Tuo Jiaxi won the 2015 CCTV Chinese New Year Cup

Tuo Jiaxi 9p defeated Kim Jiseok 9p to win the 2015 CCTV Chinese New Year Cup.

The 2015 CCTV Chinese New Year Cup was held on February 20 to 22 in Beijing, China.

Tuo Jiaxi 9 dan (left) and Kim Jiseok 9 dan at the 2015 CCTV Chinese New Year Cup Final

Tuo Jiaxi 9 dan (left) and Kim Jiseok 9 dan at the 2015 CCTV Chinese New Year Cup

CCTV Chinese New Year Cup

This is exhibition match between top players from China, Japan and Korea, and the players were invited by Chinese Weiqi Association.

The three invited players in 2015 were Tuo Jiaxi, Kim Jiseok and Murakawa Daisuke 8p. Murakawa was also invited last year.

Tuo Jiaxi and Murakawa Daisuke

Murakawa Daisuke 8 dan at the 2015 CCTV Chinese New Year Cup

Murakawa Daisuke 8 dan at the 2015 CCTV Chinese New Year Cup

Game 1 was played between Tuo Jiaxi and Murakawa Daisuke.

Murakawa had a nice opening, and he maintained his lead before the endgame stage.

However, Tuo caught up with sacrifice strategy and aggressive endgame moves, and eventually won the game by a minimum margin.

Tuo proceeded to the final, and Murakawa had to play one more game against Kim Jiseok.

Murakawa Daisuke and Kim Jiseok

Game 2 was played between Murakawa Daisuke and Kim Jiseok.

Kim Jiseok 9 dan (left) and Murakawa Daisuke 8 dan at the 2015 CCTV Chinese New Year Cup

Kim Jiseok 9 dan (left) and Murakawa Daisuke 8 dan at the 2015 CCTV Chinese New Year Cup

The game was peaceful and Kim took the lead while they were fighting a ko in the bottom right corner.
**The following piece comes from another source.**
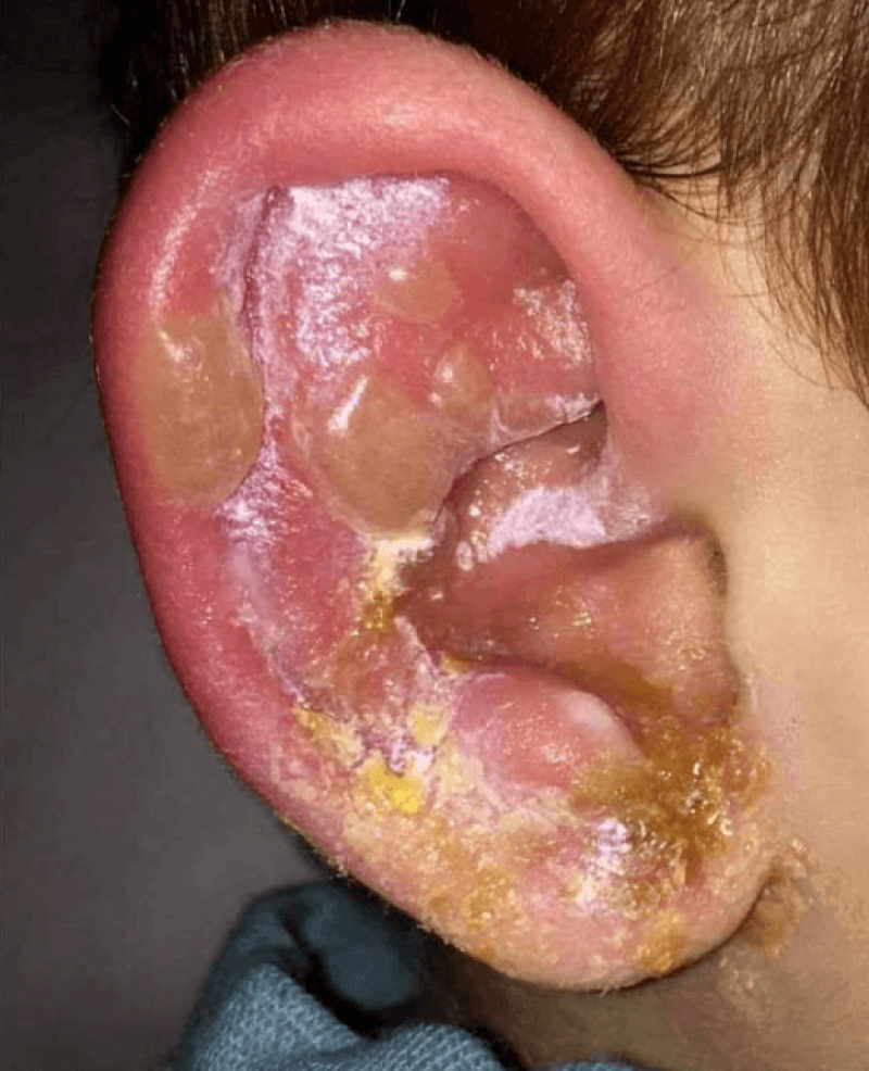 De Britse Laura Redfern deelde op Facebook een foto van het oor van haar vierjarig zoontje, die het herpes simplex virus (HSV) opliep toen iemand met een koortslip hem als pasgeboren baby kuste. Het herpesvirus blijft levenslang in het lichaam en kan altijd uitbreken. Een uitbraak vindt meestal plaats rond de mond in de vorm van koortsblaasjes, maar kan ook op andere verscheidene andere lichaamsdelen verschijnen.

When the long ko fight was finished, the game was already decided, and Murakawa soon resigned.

Final Game: Kim Jiseok and Tuo Jiaxi

The final game was played between Kim Jiseok and Tuo Jiaxi. Their head to head record before this game was 4-0 for Kim’s favor.

Furthermore, Kim’s results in international matches throughout 2014 were incredible, so many go fans expected that Kim would win.
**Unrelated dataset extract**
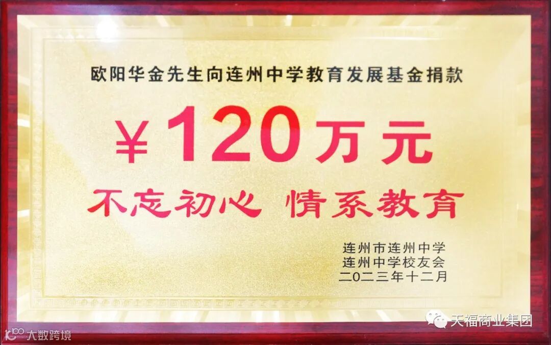 天福董事长欧阳华金捐赠120万元支持连州中学教育发展

However, Tuo’s play in the opening was active and lively, and his moves were strong and powerful. There were also long ko fights on the left side and in the center, but it was hard for Kim to win.

When the ko fights were all finished, Kim resigned.
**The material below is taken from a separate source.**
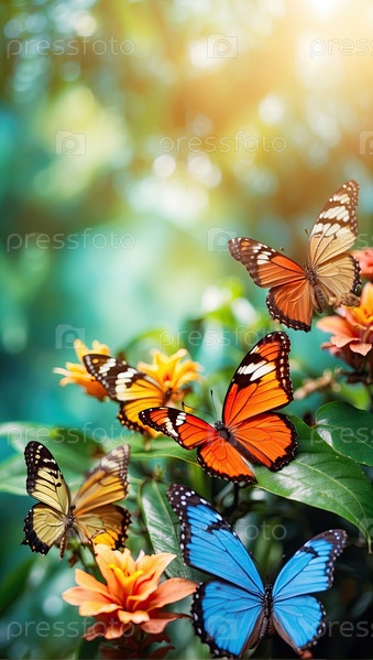 Вертикальные бабочки на фоне джунглей, тропические цветы, яркие цвета и пространство для копирования текста, слогана или брендинга

Tuo Jiaxi won the 2015 CCTV Chinese New Year Cup

Tuo Jiaxi won the 2015 CCTV Chinese New Year Cup

First final in 2015 between Chinese and Korean players

The Chinese media was happy to say that it was Tuo Jiaxi’s first win against Kim Jiseok, and it was also the first win in a final between top Chinese and Korean players for 2015.

Last Year, Shi Yue 9p won the 2014 CCTV Chinese New Year Cup, defeating Murakawa Daisuke in the final, and Lee Sedol 9p took 3rd place.

Even though it’s an exhibition tournament, the prize money isn’t small.

The prize of the winner is 800,000 RMB (approximately $127,000 USD), and runner up and 3rd place are 400,000 RMB and 200,000 RMB respectively.

Brief Game Commentary

Game 1

Tuo Jiaxi and Murakawa Daisuke

 

Download SGF File (Go Game Record)

 

White 24 was a nice move, and the opening was smooth for White up to 48.

White 98 was a brilliant move, and White took the lead at move 110.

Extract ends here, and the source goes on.